# Schumacher makes shock F1 return



## NucleusKore (Jul 30, 2009)

Source: *news.bbc.co.uk/sport2/hi/motorsport/formula_one/8172310.stm

Michael Schumacher will make a shock return to Formula 1 to replace injured Ferrari driver Felipe Massa.

The seven-time world champion retired at the end of 2006 but will drive at the European Grand Prix on 23 August.

Ferrari said the 40-year-old will stand in for as long as Massa is sidelined by the serious head injuries he sustained in the Hungarian Grand Prix last week.

"For team loyalty reasons I can't ignore this unfortunate situation," said the former Ferrari driver.

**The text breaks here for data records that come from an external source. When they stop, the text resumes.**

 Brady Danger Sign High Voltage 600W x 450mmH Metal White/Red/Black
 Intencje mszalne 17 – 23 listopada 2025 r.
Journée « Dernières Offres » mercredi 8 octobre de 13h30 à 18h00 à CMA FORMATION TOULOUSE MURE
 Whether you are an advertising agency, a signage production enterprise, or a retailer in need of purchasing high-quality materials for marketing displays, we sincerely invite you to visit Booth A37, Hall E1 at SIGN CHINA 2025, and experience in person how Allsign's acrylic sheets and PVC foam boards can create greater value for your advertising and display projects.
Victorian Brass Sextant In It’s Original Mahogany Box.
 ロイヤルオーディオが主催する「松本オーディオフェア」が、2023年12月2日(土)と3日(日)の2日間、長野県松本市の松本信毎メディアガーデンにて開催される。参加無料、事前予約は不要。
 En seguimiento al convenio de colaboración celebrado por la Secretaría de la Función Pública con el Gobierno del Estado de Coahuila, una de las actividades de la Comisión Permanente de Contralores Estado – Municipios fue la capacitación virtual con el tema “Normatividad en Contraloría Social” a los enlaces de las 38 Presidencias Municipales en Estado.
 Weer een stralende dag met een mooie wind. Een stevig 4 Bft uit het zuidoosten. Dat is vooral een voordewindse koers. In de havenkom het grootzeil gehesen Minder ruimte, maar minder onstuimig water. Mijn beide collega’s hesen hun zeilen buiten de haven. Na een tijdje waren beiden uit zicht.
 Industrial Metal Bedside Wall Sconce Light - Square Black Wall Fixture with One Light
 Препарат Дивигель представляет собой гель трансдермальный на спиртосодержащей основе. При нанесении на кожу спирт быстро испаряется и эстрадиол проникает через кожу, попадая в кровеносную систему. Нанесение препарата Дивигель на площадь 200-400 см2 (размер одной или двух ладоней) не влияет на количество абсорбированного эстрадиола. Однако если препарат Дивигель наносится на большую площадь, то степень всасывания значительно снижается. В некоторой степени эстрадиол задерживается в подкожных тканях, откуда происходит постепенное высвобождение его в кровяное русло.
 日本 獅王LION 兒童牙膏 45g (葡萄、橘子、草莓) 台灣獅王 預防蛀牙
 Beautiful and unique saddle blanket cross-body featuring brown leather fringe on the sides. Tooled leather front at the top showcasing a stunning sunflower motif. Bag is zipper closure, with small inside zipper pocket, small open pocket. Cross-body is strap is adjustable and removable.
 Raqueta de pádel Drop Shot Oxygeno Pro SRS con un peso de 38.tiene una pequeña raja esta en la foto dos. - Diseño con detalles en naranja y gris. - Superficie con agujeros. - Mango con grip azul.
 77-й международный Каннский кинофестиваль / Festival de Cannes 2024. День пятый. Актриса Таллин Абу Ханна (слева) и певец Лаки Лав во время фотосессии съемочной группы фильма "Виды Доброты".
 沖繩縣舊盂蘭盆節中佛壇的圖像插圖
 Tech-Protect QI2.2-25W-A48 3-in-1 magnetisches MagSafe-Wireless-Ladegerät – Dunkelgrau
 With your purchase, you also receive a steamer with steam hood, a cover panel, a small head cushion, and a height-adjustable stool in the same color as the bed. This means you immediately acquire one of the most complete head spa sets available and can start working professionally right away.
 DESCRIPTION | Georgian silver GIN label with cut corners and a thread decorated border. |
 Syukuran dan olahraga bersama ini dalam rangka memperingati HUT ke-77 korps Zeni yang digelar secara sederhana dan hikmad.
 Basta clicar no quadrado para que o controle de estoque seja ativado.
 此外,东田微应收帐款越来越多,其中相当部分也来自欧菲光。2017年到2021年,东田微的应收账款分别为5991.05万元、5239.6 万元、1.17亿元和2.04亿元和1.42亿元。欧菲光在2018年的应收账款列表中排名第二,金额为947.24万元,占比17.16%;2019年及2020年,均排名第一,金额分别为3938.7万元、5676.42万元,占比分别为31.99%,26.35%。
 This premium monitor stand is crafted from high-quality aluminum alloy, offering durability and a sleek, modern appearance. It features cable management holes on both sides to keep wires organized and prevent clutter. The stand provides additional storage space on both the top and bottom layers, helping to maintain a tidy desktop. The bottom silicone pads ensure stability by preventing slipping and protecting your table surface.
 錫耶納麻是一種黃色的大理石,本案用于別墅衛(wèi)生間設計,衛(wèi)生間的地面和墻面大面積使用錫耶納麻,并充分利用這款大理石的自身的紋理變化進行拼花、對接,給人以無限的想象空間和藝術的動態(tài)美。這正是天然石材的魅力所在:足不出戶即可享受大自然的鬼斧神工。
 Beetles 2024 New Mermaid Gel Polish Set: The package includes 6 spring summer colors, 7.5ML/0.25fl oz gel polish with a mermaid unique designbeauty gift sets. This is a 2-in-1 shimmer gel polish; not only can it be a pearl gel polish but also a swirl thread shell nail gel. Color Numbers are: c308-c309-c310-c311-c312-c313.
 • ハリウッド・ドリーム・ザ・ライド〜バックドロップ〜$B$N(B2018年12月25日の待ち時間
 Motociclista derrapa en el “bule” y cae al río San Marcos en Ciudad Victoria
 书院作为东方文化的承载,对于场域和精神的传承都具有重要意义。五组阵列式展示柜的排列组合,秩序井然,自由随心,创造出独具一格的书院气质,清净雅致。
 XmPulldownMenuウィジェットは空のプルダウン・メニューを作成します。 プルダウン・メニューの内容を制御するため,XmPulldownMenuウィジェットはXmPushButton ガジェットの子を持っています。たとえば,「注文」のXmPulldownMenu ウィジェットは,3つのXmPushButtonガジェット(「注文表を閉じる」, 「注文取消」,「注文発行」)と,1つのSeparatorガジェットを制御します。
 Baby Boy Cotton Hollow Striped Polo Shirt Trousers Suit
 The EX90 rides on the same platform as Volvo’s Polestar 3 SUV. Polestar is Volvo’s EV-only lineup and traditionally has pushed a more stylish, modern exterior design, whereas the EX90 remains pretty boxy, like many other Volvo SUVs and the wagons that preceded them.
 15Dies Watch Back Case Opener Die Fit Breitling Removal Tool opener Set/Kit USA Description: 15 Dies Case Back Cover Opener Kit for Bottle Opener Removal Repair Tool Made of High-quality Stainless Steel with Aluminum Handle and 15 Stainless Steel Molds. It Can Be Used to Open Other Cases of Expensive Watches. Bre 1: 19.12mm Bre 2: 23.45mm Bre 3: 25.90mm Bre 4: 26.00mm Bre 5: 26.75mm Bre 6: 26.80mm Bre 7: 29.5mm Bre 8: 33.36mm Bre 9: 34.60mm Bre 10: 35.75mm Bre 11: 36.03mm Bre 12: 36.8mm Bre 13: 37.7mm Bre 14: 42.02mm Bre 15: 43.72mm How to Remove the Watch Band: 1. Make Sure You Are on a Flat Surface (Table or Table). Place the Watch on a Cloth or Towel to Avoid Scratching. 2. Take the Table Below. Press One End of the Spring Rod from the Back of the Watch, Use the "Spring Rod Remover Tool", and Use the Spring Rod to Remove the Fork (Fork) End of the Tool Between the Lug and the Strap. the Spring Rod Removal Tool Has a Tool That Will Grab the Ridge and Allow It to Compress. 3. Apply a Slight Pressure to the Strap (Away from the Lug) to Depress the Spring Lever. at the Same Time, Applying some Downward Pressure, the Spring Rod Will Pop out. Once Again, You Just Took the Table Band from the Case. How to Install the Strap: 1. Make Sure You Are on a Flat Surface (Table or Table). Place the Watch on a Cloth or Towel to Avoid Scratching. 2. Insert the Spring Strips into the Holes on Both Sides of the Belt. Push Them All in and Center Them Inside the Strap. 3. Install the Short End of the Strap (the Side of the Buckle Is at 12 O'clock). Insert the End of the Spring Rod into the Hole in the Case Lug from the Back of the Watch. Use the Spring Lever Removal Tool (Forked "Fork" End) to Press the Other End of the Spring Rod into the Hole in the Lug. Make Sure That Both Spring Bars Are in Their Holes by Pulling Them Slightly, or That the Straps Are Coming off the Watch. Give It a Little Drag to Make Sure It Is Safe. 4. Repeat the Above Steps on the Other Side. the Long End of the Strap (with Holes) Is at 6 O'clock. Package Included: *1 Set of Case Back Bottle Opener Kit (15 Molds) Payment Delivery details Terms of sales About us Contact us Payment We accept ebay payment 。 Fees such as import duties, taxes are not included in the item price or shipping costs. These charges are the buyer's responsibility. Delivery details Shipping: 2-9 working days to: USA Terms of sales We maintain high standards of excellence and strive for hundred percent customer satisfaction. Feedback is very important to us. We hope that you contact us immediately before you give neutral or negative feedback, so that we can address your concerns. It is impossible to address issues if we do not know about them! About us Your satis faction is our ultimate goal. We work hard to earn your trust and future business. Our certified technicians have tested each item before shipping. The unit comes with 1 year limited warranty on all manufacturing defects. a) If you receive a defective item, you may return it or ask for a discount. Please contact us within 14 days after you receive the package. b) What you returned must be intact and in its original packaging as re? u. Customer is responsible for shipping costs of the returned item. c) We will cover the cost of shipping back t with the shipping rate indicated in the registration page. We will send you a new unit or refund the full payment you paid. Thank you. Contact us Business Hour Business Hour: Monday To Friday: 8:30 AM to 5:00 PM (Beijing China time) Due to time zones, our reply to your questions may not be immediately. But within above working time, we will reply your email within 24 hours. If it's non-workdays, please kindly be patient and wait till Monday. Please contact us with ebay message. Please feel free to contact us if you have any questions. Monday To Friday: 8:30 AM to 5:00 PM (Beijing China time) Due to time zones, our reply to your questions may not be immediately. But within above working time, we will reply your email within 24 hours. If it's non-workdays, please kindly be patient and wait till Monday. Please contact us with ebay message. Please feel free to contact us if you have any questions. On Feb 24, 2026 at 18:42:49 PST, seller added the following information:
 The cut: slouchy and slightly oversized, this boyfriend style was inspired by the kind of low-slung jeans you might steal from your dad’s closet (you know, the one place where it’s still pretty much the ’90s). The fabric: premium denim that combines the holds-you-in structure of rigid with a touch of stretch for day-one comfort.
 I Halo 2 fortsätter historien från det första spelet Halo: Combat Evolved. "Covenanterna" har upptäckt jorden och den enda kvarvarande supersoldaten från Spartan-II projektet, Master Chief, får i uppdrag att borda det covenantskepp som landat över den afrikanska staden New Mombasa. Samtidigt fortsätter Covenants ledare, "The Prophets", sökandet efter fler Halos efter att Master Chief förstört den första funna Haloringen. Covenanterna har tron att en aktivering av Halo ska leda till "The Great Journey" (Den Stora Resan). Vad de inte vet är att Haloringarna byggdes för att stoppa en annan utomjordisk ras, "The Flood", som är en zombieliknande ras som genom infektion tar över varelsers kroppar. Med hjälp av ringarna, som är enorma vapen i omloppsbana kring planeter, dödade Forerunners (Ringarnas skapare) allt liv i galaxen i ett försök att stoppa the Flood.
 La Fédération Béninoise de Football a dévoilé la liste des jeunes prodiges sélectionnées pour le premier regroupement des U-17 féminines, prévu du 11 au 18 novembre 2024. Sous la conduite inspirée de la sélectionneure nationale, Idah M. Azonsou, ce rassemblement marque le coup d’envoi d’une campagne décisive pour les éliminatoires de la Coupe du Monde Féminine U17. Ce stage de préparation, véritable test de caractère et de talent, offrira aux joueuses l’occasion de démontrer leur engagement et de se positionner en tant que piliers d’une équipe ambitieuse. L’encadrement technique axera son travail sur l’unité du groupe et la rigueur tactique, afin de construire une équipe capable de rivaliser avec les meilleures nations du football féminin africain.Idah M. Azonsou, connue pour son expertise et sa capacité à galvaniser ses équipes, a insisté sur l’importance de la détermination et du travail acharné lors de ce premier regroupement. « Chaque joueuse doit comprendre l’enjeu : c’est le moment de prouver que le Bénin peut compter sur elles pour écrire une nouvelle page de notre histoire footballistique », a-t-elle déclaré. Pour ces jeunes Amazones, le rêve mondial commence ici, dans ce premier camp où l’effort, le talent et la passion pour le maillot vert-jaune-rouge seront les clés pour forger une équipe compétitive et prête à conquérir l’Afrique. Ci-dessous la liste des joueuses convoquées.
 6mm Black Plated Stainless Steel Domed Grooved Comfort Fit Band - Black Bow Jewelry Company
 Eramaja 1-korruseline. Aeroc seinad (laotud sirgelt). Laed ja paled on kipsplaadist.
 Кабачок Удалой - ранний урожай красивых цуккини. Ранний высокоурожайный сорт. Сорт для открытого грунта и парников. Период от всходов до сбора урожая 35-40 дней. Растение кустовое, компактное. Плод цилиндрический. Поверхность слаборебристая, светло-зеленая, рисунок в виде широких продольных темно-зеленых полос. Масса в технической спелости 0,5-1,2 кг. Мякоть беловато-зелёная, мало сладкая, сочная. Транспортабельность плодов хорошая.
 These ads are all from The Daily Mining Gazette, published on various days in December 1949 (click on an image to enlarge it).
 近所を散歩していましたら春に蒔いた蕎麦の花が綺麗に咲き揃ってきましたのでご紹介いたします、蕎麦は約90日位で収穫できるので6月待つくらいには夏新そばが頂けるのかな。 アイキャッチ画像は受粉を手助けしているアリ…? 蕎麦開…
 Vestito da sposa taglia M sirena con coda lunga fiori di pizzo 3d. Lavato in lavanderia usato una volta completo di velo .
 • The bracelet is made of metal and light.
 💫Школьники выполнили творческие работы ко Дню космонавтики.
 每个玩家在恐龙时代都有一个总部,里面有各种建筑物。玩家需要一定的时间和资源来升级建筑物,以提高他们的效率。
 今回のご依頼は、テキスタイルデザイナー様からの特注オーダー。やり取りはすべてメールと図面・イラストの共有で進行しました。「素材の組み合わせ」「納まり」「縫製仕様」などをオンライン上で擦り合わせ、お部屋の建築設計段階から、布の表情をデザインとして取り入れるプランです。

His spokesman Sabine Kehm had told the BBC on Tuesday that although Schumacher - who was working as an advisor for Ferrari - was not willing to make a full-time return to F1, he would not rule out standing in for Massa.

Read On....


----------



## csczero (Jul 30, 2009)

*GOD wanted Schumi to Race again !!! And he is Back !!*

*Schumi's back, baby!*

*GOD SAID " LAD YOU TAKE A BREAK FOR A WHILE "*

*www.dawn.com/wps/wcm/connect/3b0d21804efdc7d4a14ab7561e3bac8a/FMMM_REU_600.jpg?MOD=AJPERES

*and " LET MY FAVORITE CHILD RACE FOR A WHILE "*


*www.vcars.co.uk/news/1dn-images/18701157.jpg


*'Alright boys, I'll fill in for the lad'*

Yet when the greatest driver in the history of the wheel says that he indeed will race, you shove cynicism out the window and blare up the heralds. He's back, baby. Michael Schumacher will race a Ferrari again.

*" GOD IS GREAT "*


----------



## Rahim (Jul 30, 2009)

*Re: GOD wanted Schumi to Race again !!! And he is Back !!*

Great News.


----------



## Ronnie11 (Jul 31, 2009)

*Re: GOD wanted Schumi to Race again !!! And he is Back !!*

hmm...i am a huge schumacher fan but lets not forget massa's accident..it was unfortunate & hope he recovers on time..


----------



## NucleusKore (Jul 31, 2009)

*Re: GOD wanted Schumi to Race again !!! And he is Back !!*

Old news, already posted here

*www.thinkdigit.com/forum/showthread.php?t=119823


----------



## MetalheadGautham (Jul 31, 2009)

I heard about this. Great news for schumi fans like me who are now once again back to supporting ferrari, but at the same time its kinda depressing how he had to make his come back.


----------



## Rahim (Jul 31, 2009)

This news has been posted for the 2rd time in this forum!!!!!!!!!
Neville bro search before posting as you say in OSS


----------



## MetalheadGautham (Jul 31, 2009)

a_rahim said:


> This news has been posted for the 2rd time in this forum!!!!!!!!!
> Neville bro search before posting as you say in OSS


Threads merged to show that it was Neville uncle who posted first.

......As always


----------



## swordfish (Aug 1, 2009)

wow wow wow.. man thats it.. but this times ferrari car is no good


----------



## iinfi (Aug 1, 2009)

its quite some time since shumi raced.. is he fit enough to race again?? 
this is definitely not something like you drive from mum-pune after 5  year break n still manage it with ease.


----------



## x3060 (Aug 2, 2009)

its gonna be hell tough for him, i guess ...being out for a long time is sure ti have an impact ...i just hope that he rocks as usual


----------



## csczero (Aug 9, 2009)

sorry for posting  again .. just too excited to learn his comeback


----------



## Ecstasy (Aug 10, 2009)

Nice. Lets see if Michael still has that old form with him or not..


----------



## amitash (Aug 10, 2009)

^Imho he wasnt THAT brilliant a driver....When he was winning, ferrari had a clear advantage with their cars being superior to all others...if you noticed, in the years where renault and mclaren caught up with their cars, michael lost....imo alonso is the best in driving skill followed by raikonen when he is serious.


----------



## nikomi (Jan 16, 2010)

wow ...  but this times ferrari car is no good


----------



## azzu (Jan 16, 2010)

nikomi said:


> wow ...  but this times ferrari car is no good



 awesome bumping


----------